• **Task directions**
Every line of the records below from the line with "El expresidente Mauricio Macri" up to and including the line with "Ciertamente, Ritondo, Montenegro" must be reproduced exactly, and no line outside that range.

• **Material provided**
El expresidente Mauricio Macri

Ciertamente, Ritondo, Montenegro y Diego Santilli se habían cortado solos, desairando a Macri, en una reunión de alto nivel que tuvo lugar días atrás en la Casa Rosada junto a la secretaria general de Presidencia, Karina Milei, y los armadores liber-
* * *
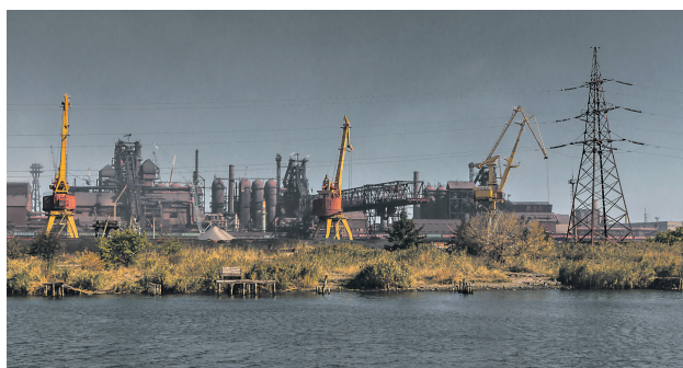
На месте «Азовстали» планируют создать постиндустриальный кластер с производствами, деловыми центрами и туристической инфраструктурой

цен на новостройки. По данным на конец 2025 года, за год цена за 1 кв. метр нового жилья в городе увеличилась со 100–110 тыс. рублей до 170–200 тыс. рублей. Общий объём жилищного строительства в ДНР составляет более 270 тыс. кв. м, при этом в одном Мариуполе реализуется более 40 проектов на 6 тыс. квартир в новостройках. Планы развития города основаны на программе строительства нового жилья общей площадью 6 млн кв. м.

• **Solution to this problem**
El expresidente Mauricio Macri

Ciertamente, Ritondo, Montenegro y Diego Santilli se habían cortado solos, desairando a Macri, en una reunión de alto nivel que tuvo lugar días atrás en la Casa Rosada junto a la secretaria general de Presidencia, Karina Milei, y los armadores liber-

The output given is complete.